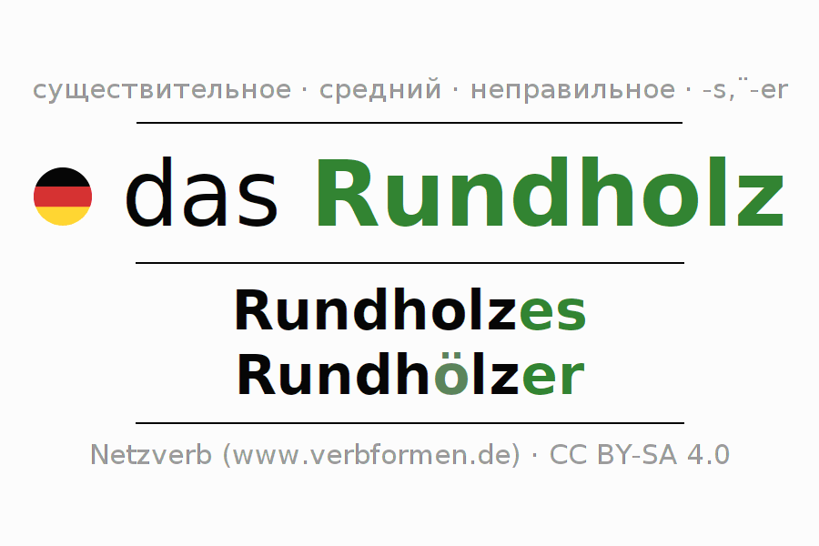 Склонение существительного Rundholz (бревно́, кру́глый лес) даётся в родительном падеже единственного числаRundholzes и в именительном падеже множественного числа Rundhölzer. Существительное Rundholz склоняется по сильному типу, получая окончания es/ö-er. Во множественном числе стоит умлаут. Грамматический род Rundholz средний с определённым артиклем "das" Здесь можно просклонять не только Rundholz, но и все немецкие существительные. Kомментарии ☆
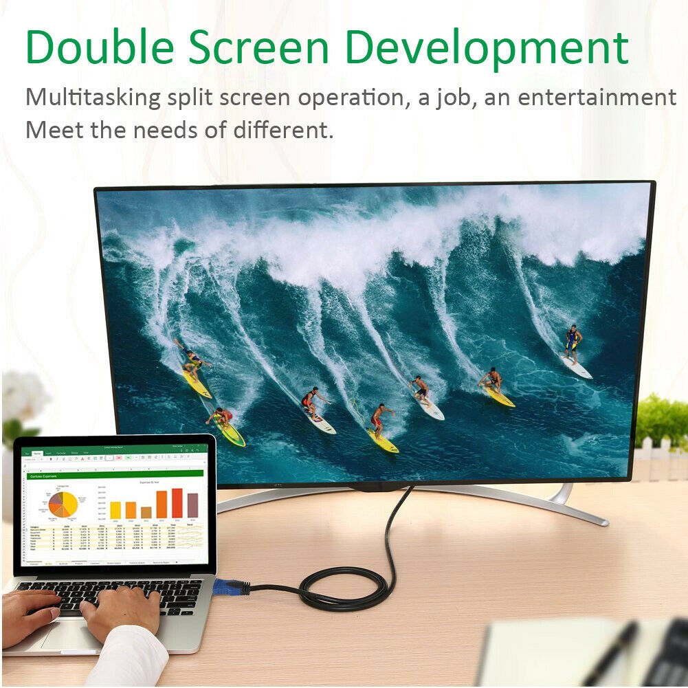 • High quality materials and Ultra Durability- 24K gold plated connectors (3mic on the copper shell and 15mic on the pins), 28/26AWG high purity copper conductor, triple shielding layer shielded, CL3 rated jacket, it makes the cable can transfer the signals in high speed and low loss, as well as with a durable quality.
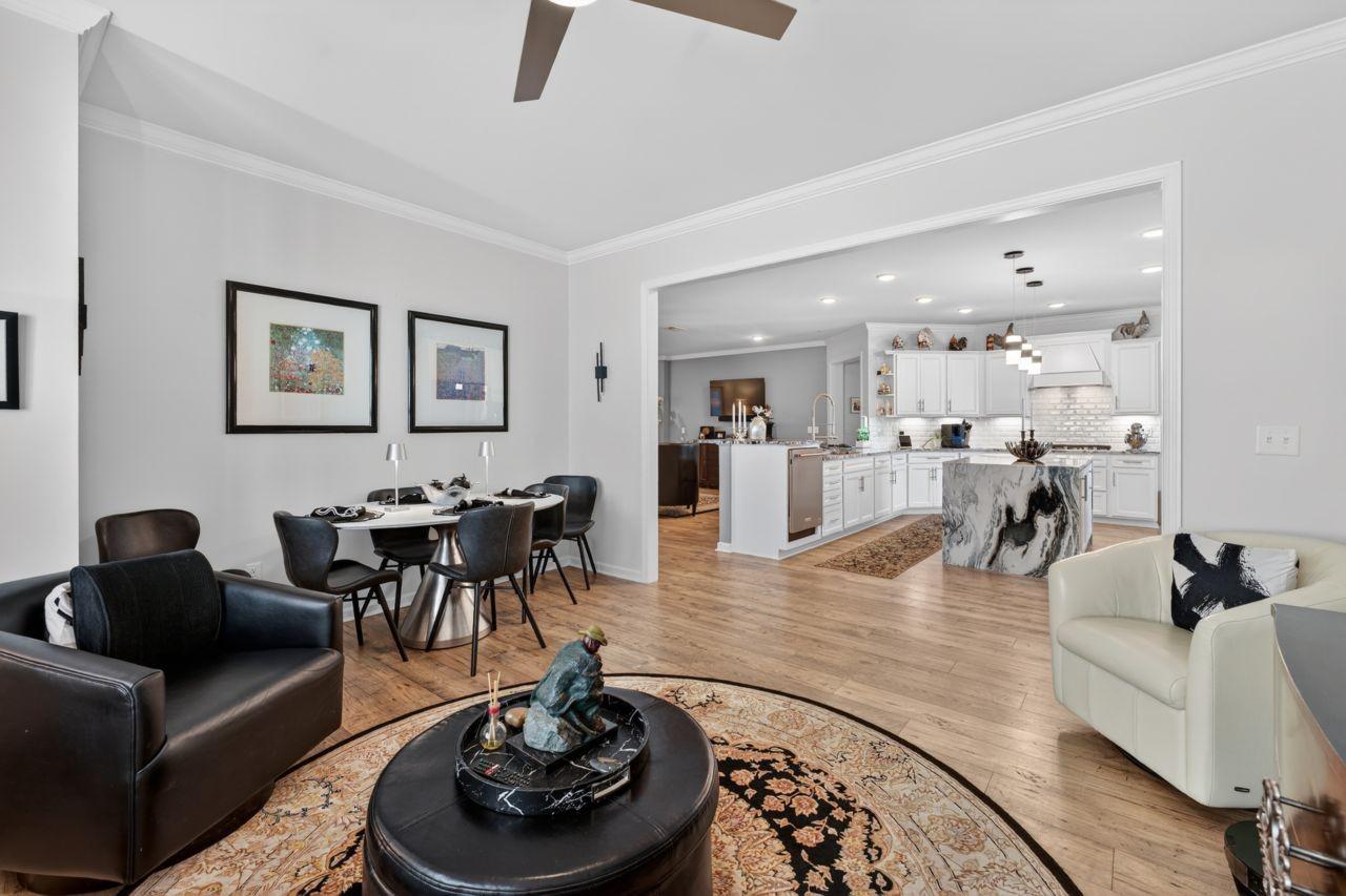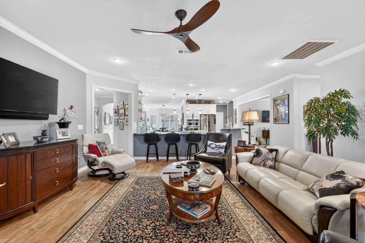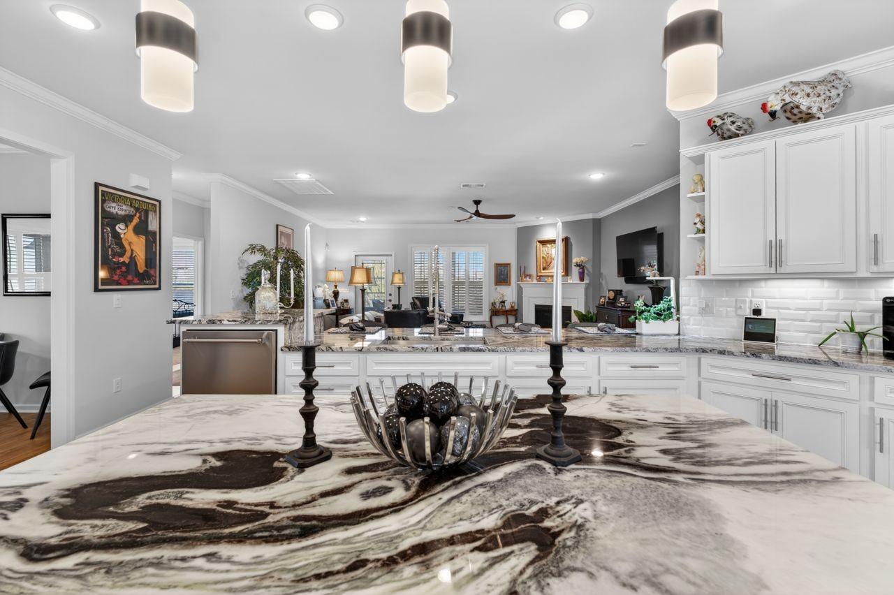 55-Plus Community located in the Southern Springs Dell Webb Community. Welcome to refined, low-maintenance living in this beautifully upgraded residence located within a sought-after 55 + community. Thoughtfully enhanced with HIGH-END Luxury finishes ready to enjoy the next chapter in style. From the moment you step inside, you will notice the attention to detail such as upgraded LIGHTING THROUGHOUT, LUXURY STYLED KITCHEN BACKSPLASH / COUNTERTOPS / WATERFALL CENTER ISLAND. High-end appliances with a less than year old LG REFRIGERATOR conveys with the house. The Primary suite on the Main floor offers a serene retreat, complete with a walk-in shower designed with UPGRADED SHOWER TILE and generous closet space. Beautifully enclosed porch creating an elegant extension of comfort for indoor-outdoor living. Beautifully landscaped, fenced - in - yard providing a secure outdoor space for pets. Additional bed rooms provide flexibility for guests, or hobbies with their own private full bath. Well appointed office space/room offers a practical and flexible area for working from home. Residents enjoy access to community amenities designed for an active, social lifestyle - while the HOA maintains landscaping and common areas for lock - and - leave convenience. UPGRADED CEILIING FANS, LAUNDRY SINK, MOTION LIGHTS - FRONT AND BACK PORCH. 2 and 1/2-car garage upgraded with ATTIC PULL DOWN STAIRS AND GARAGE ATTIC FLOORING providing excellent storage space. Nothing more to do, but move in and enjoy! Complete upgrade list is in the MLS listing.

===

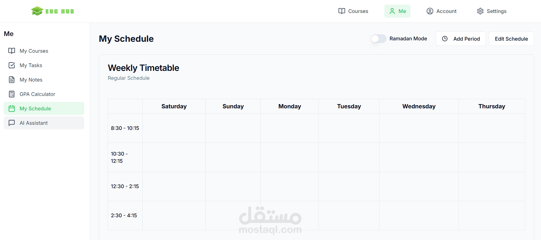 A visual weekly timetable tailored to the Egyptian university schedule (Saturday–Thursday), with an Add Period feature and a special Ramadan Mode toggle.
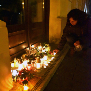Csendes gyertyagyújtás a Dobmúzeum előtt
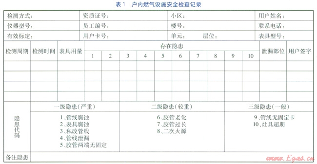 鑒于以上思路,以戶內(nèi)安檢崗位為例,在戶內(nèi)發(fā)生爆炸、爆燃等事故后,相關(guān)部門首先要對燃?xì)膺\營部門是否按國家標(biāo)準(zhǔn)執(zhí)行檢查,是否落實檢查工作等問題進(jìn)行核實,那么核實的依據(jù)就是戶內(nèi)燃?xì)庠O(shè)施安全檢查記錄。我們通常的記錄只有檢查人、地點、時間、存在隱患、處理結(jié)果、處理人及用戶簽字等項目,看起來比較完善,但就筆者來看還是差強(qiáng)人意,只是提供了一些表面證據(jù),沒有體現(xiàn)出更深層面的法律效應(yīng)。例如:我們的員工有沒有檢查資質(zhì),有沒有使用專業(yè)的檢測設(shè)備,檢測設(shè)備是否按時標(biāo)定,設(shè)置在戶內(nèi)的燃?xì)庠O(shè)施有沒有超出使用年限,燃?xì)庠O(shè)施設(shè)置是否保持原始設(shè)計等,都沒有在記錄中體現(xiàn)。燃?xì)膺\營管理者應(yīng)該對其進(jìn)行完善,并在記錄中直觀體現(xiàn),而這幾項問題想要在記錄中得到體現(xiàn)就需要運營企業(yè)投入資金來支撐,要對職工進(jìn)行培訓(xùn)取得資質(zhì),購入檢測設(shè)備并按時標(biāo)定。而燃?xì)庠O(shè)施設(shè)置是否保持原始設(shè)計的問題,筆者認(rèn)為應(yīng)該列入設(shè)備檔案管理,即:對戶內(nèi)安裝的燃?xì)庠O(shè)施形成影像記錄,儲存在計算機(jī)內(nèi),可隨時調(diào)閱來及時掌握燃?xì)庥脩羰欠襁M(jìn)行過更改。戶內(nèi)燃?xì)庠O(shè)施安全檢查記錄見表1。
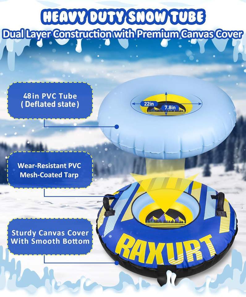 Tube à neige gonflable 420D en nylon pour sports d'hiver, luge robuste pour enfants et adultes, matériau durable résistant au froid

===

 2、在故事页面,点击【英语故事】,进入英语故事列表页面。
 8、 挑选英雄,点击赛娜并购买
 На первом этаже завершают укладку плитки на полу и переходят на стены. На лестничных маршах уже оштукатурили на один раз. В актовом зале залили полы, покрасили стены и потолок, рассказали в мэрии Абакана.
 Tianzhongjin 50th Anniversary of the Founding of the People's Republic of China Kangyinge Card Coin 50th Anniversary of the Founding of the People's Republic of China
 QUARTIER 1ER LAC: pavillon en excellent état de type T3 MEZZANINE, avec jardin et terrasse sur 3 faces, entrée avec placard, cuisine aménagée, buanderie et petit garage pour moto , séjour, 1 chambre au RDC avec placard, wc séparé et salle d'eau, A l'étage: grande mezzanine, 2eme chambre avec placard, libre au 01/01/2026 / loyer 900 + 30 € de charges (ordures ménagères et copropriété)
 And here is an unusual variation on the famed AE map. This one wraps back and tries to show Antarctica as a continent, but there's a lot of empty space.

===

--- Your assignment ---
In the entries above, find the line with "a durable quality." and the line with "55-Plus Community located". Return exactly those lines and all the ones between them, pictures excluded.

--- Written solution ---
 • High quality materials and Ultra Durability- 24K gold plated connectors (3mic on the copper shell and 15mic on the pins), 28/26AWG high purity copper conductor, triple shielding layer shielded, CL3 rated jacket, it makes the cable can transfer the signals in high speed and low loss, as well as with a durable quality.
 55-Plus Community located in the Southern Springs Dell Webb Community. Welcome to refined, low-maintenance living in this beautifully upgraded residence located within a sought-after 55 + community. Thoughtfully enhanced with HIGH-END Luxury finishes ready to enjoy the next chapter in style. From the moment you step inside, you will notice the attention to detail such as upgraded LIGHTING THROUGHOUT, LUXURY STYLED KITCHEN BACKSPLASH / COUNTERTOPS / WATERFALL CENTER ISLAND. High-end appliances with a less than year old LG REFRIGERATOR conveys with the house. The Primary suite on the Main floor offers a serene retreat, complete with a walk-in shower designed with UPGRADED SHOWER TILE and generous closet space. Beautifully enclosed porch creating an elegant extension of comfort for indoor-outdoor living. Beautifully landscaped, fenced - in - yard providing a secure outdoor space for pets. Additional bed rooms provide flexibility for guests, or hobbies with their own private full bath. Well appointed office space/room offers a practical and flexible area for working from home. Residents enjoy access to community amenities designed for an active, social lifestyle - while the HOA maintains landscaping and common areas for lock - and - leave convenience. UPGRADED CEILIING FANS, LAUNDRY SINK, MOTION LIGHTS - FRONT AND BACK PORCH. 2 and 1/2-car garage upgraded with ATTIC PULL DOWN STAIRS AND GARAGE ATTIC FLOORING providing excellent storage space. Nothing more to do, but move in and enjoy! Complete upgrade list is in the MLS listing.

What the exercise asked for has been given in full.